Растроганные Эме, Аго с женой не знали от радости, куда усадить Фаддея. Только Юри долго молчал, чем всегда скрывал большое волнение. Неудобно было вроде потрепать по голове важного теперь государева слугу, как в детстве, и слов подходящих никак не находилось в его малоподвижном мозгу. И всё же вспомнил добрую пословицу и, положив корявую ладонь на колено Фаддея, произнёс с медленной расстановкой:
— Старая дорога, старый друг.
Смутившись от столь длинной для него тирады, вынул аглицкий нож, провёл ногтем по лезвию и вышел в подворье. Подсвинок даже конца своего не почуял, хрюкнул только и замер. По давнему обычаю эстов самому желанному гостю полагалось подать к столу свежую печёнку молодой свиньи. А пиво ещё загодя было сварено, чуяло сердце, что хоть не кровный, но по сути сын должен был приехать вот-вот. Водки, как и большинство эстов, Юри не пил. От крепких напитков эсты мрачнели, лезли драться, теряли достоинство. Потому избегали они пить водку пуще яда. Для них судьба создала пиво, как, впрочем, и для остальных прибалтийских народов.

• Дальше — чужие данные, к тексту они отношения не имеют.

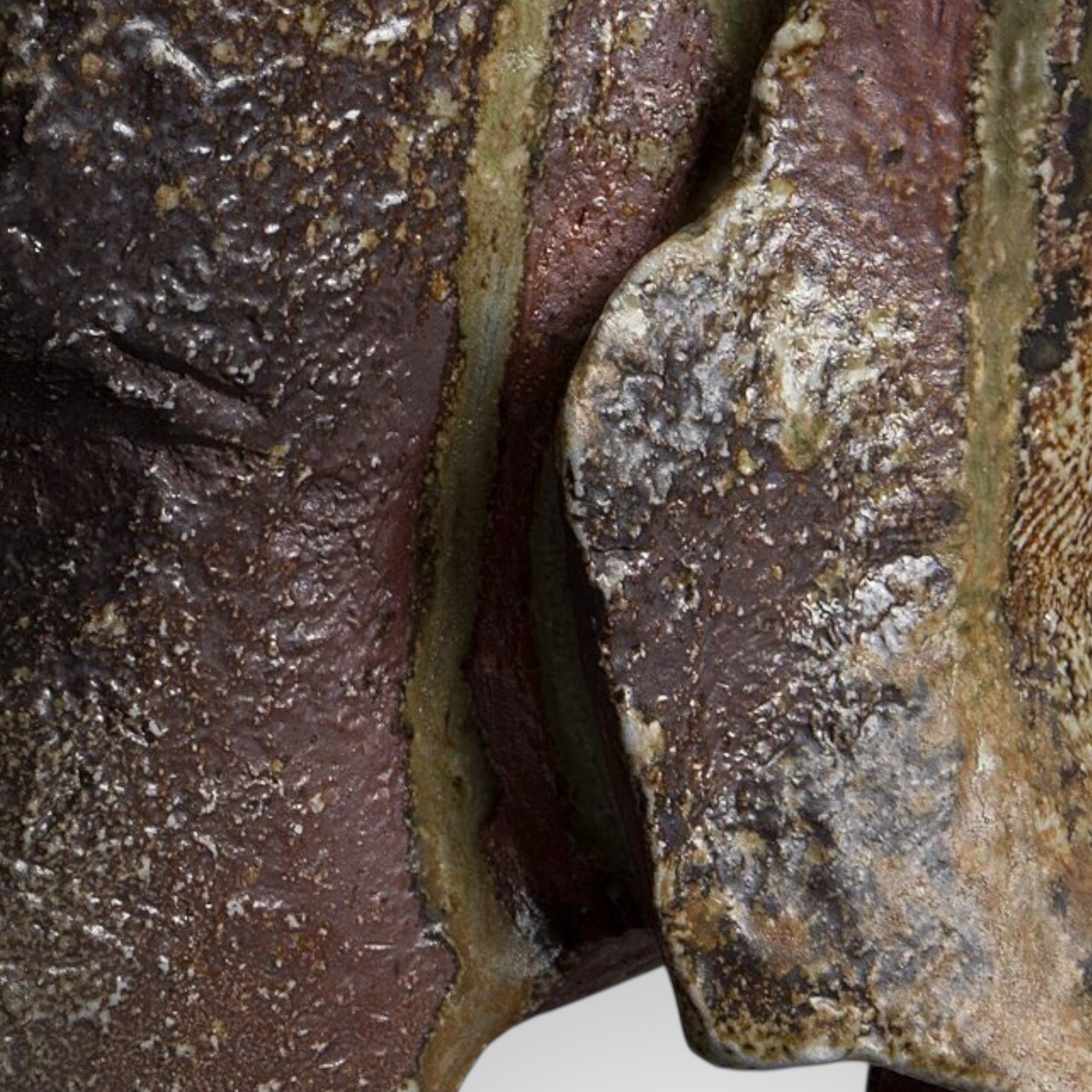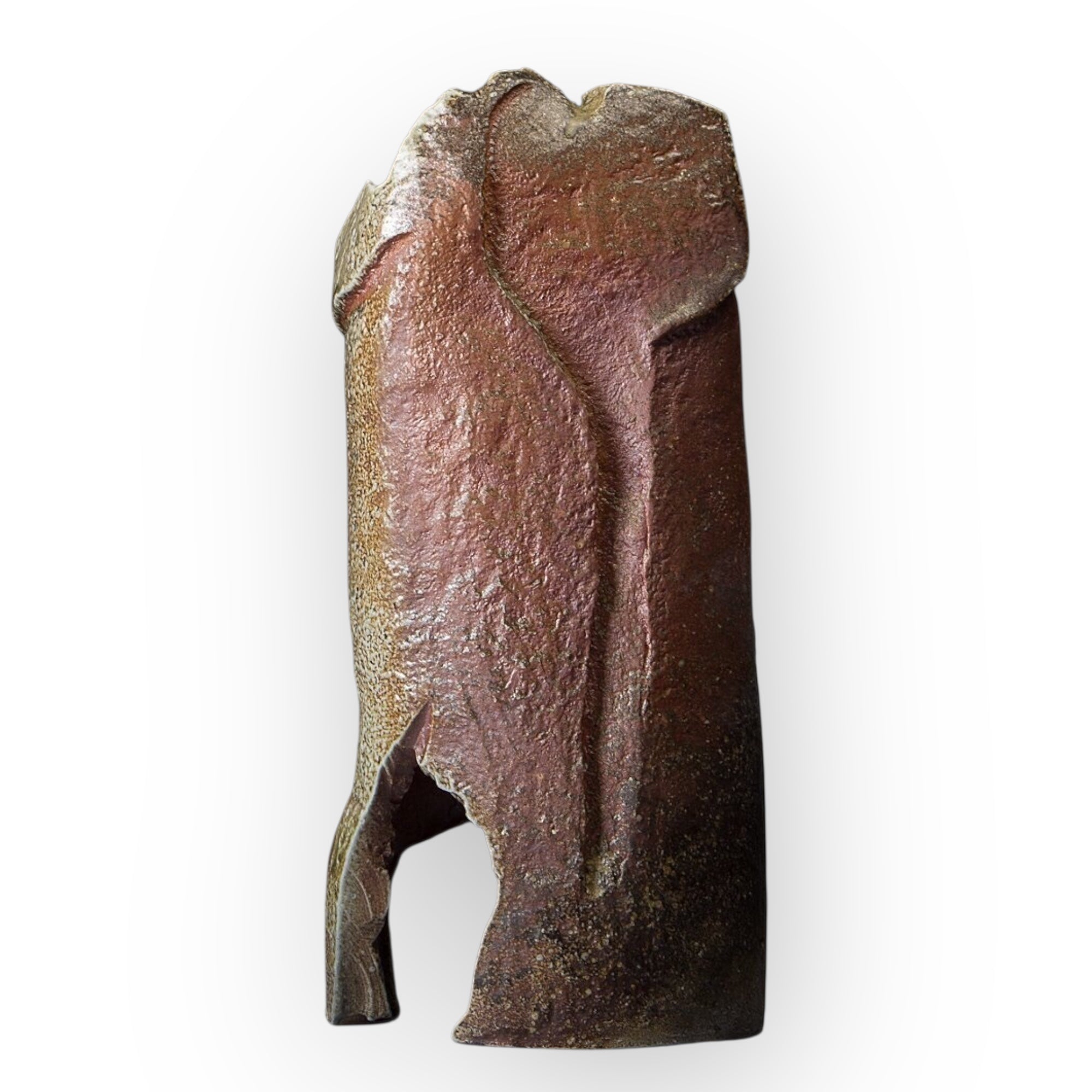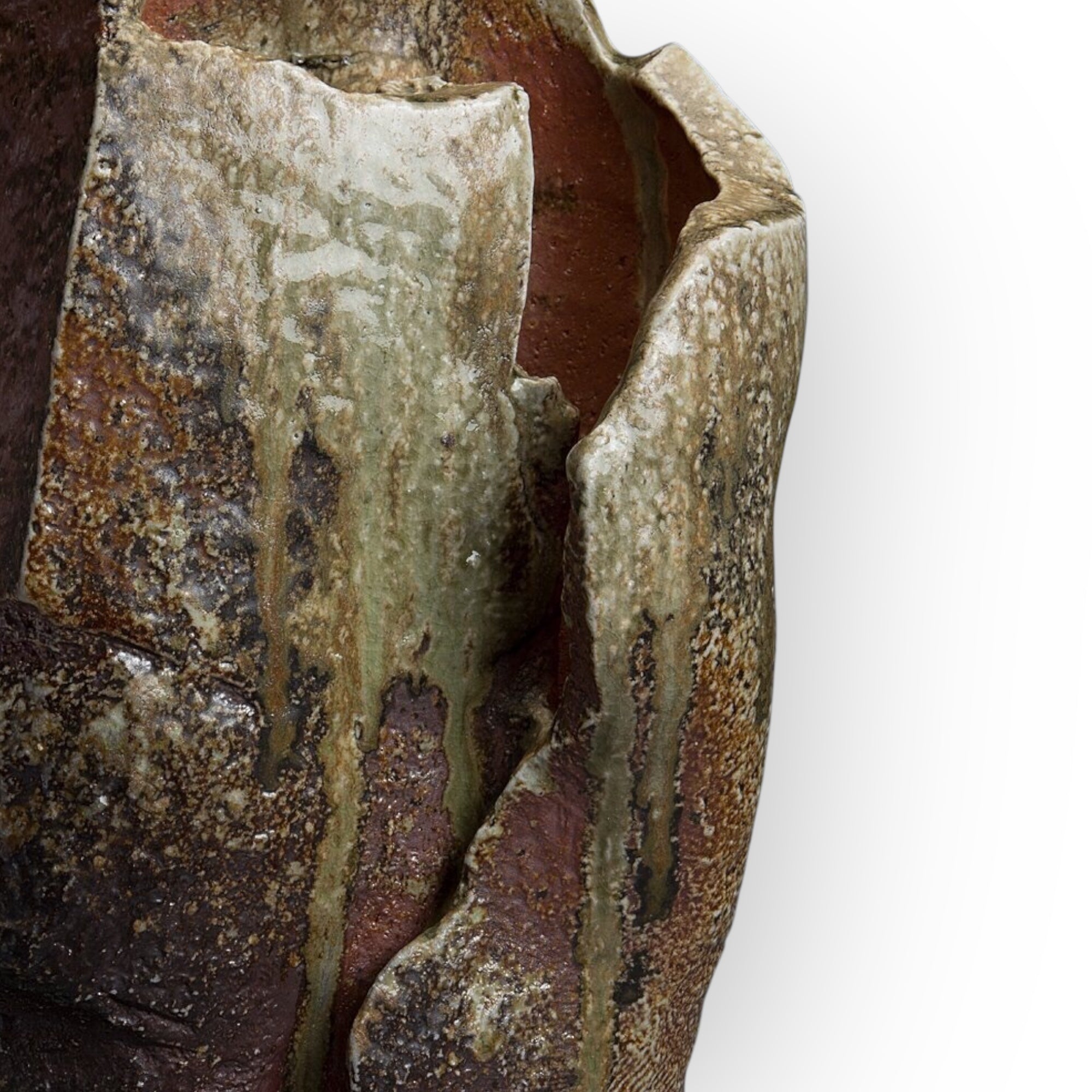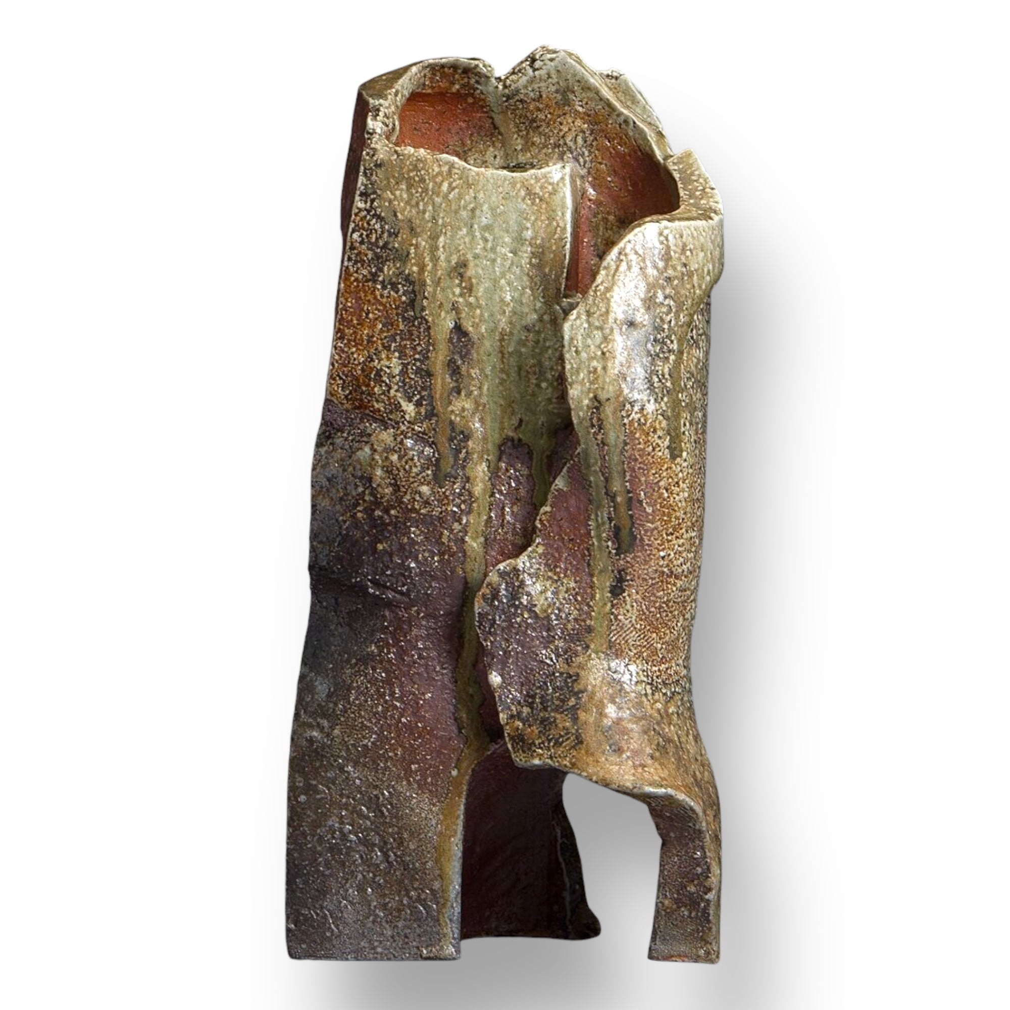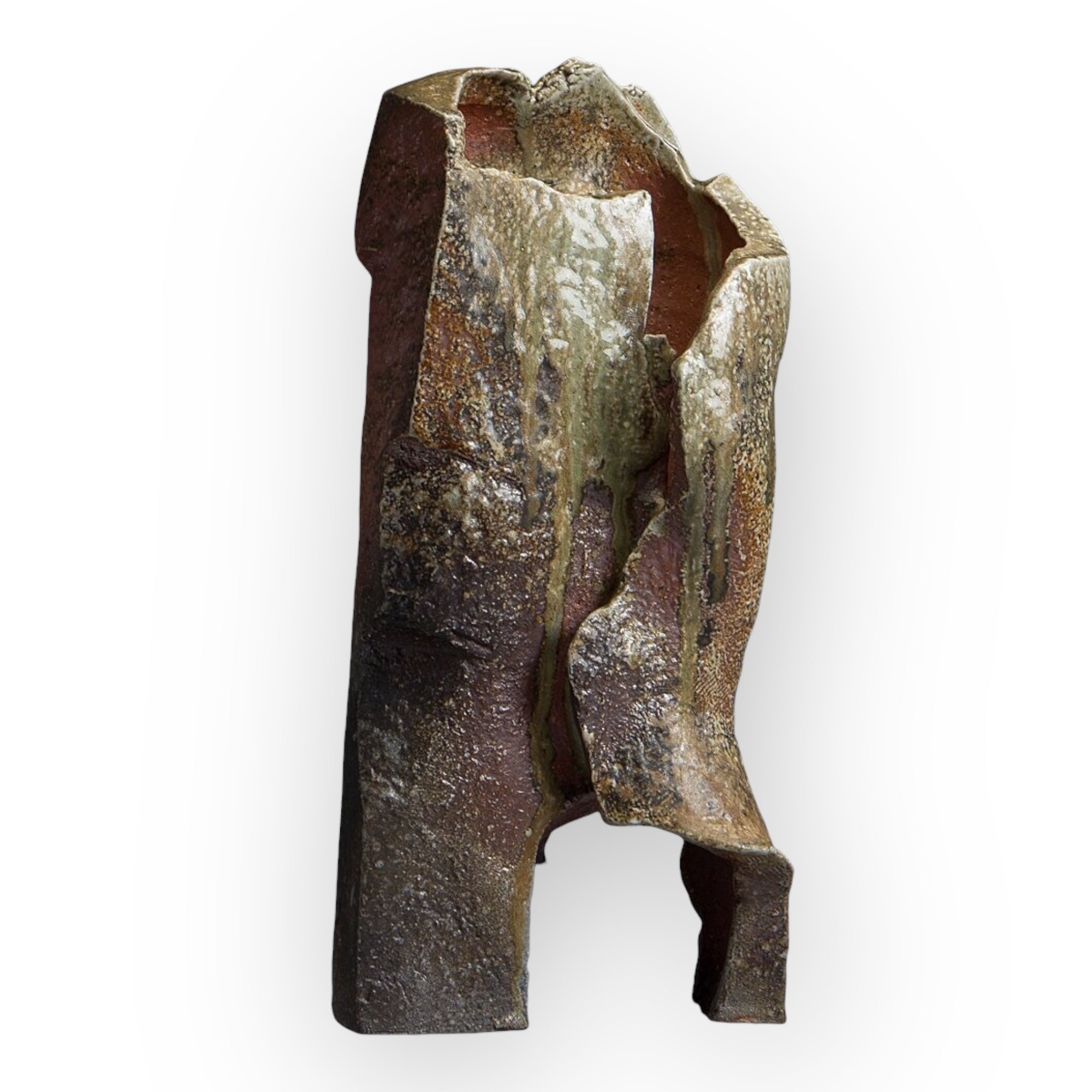 Ce vase sculptural en grès d’Iga se distingue par sa verticalité puissante et sa texture minérale. Modelé dans une terre dense, il présente des volumes fracturés et des arêtes pliées comme façonnées par l’érosion. La cuisson au bois lui confère une riche palette de nuances : rouge profond de l’argile, coulures vitrifiées verdâtres dites bidoro, traces noires de carbonisation et surfaces rugueuses marquées par les cendres. Chaque face révèle l’alchimie entre la flamme et la matière, donnant à l’œuvre une présence organique et monumentale.

В предчувствии приезда любимого приёмыша Юри взялся за изготовление сундучка. Сначала выбирал молодой дубок, строгал досочки, просушивал в скромном тепле под навесом, делал пазы. Затем, подобно скрипичному мастеру, выдерживал дерево в янтарной олифе, снова сушил, пилил лобзиком чуть толще конского волоса. Варил клей из оленьих копыт и рыбной муки. Стягивал прессом так, что простым глазом шов не просматривался. А уж после изготовлял оковку из ребристой меди, винтиками закреплял скобы, вделывал замок и обивал гвоздиками, загибал кончики внутри, удаляя остриё опять же в дерево. Малейшую шероховатость счищал шкуркой и полировал заячьей лапкой. Лаков, как всё блестящее, бросающееся в глаза, Юри не признавал. Любой предмет, по его мнению, должен нести естественный, первородный цвет.
Отпуск летел быстро, на крыльях. Кимба успела сгнить, латать — овчинка выделки не стоила. Походили в море на пойеме, обошли вокруг острова, как в детстве. И уже на берегу гуляючи, встретил Фаддей Айру — мальчишескую свою любовь, — ещё более прекрасную, чем прежде. Узнала и она его, покраснела от смущения, а глаза небесные засветились радостью. Никогда и слова-то не было сказано, а вон видимыми токами, силой Божеской передавались сигналы волнующие, бросали сердце к сердцу, как в объятия.